YOUR ASSIGNMENT — Every line between the one containing "在片上,波长1550nm的y" and the last line of the data, both included, is to be set down exactly, and pictures are to be omitted.

RECORDED DATA —
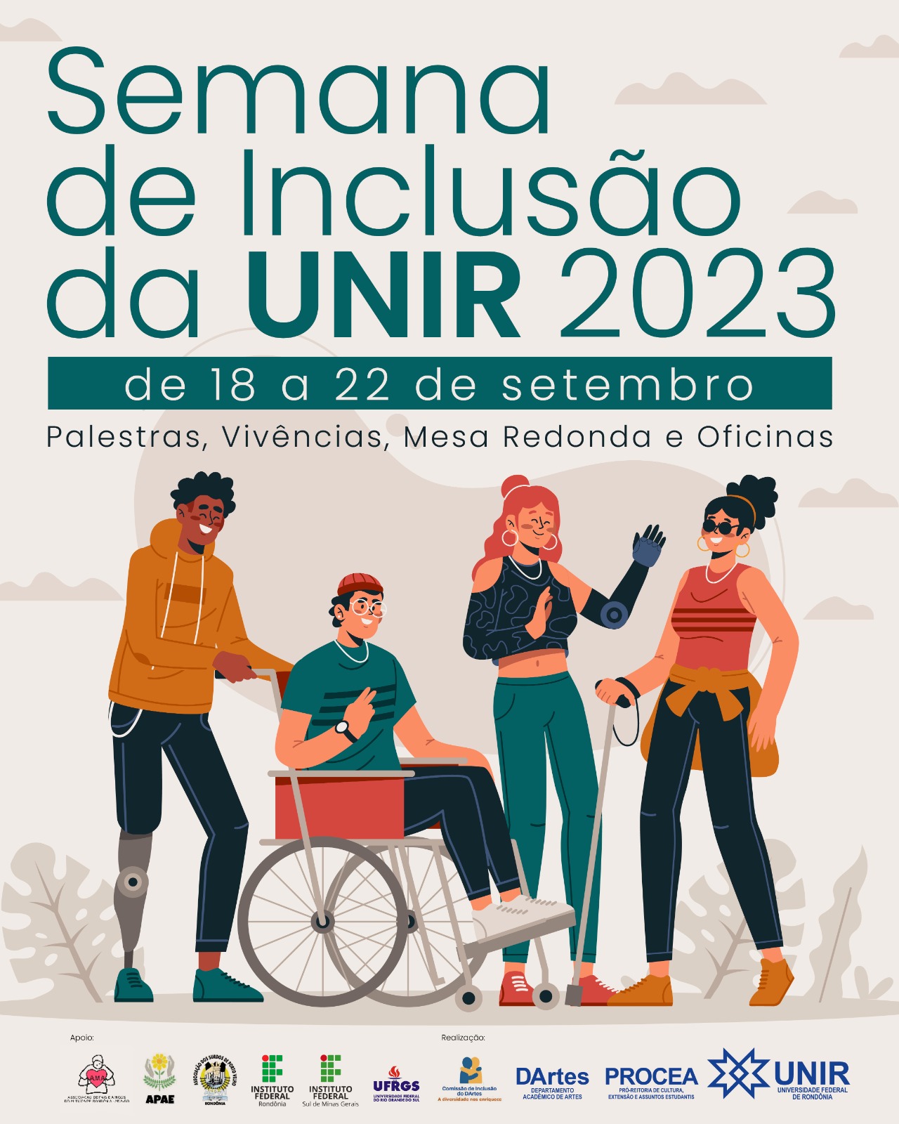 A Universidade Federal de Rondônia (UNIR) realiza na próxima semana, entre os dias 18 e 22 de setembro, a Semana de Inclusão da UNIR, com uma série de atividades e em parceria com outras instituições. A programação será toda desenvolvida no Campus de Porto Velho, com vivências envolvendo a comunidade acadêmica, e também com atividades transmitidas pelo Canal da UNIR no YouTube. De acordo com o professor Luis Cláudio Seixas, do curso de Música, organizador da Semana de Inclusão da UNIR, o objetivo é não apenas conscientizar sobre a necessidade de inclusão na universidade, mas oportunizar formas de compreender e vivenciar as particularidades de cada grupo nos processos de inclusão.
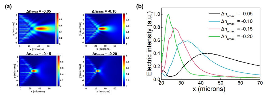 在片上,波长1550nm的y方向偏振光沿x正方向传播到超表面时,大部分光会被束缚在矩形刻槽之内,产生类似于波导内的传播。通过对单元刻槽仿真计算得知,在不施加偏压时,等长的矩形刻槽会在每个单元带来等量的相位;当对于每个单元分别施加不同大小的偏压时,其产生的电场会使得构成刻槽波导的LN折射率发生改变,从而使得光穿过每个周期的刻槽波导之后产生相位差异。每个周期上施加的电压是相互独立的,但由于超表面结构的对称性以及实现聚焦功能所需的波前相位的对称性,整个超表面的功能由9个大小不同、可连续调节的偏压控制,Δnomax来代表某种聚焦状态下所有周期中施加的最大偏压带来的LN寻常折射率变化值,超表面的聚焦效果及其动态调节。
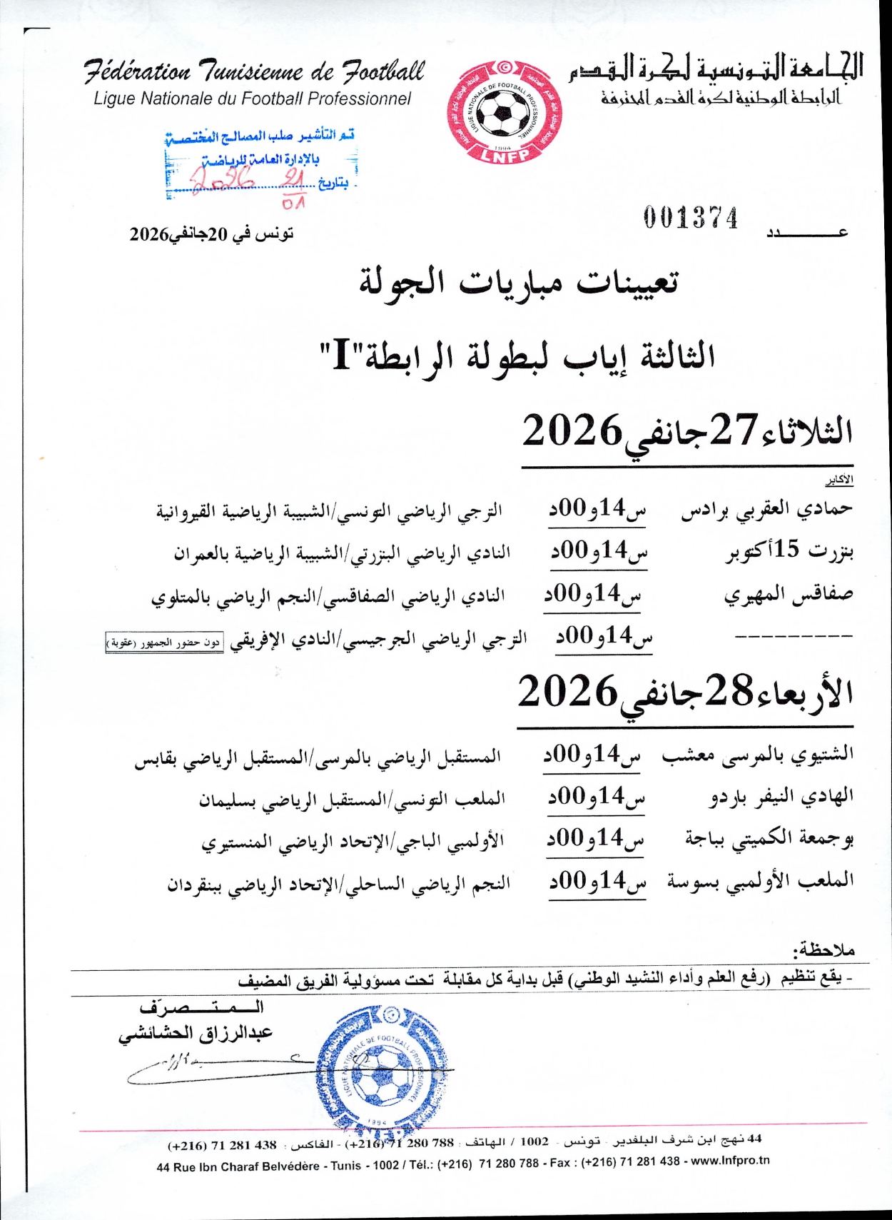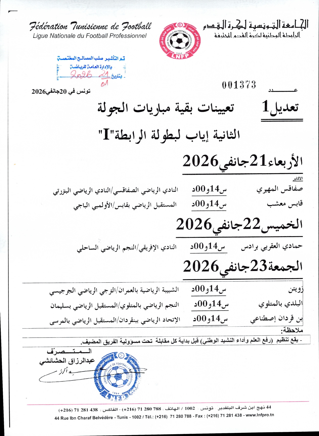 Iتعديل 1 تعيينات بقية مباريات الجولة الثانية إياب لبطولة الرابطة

YOUR RESPONSE —
 在片上,波长1550nm的y方向偏振光沿x正方向传播到超表面时,大部分光会被束缚在矩形刻槽之内,产生类似于波导内的传播。通过对单元刻槽仿真计算得知,在不施加偏压时,等长的矩形刻槽会在每个单元带来等量的相位;当对于每个单元分别施加不同大小的偏压时,其产生的电场会使得构成刻槽波导的LN折射率发生改变,从而使得光穿过每个周期的刻槽波导之后产生相位差异。每个周期上施加的电压是相互独立的,但由于超表面结构的对称性以及实现聚焦功能所需的波前相位的对称性,整个超表面的功能由9个大小不同、可连续调节的偏压控制,Δnomax来代表某种聚焦状态下所有周期中施加的最大偏压带来的LN寻常折射率变化值,超表面的聚焦效果及其动态调节。
 Iتعديل 1 تعيينات بقية مباريات الجولة الثانية إياب لبطولة الرابطة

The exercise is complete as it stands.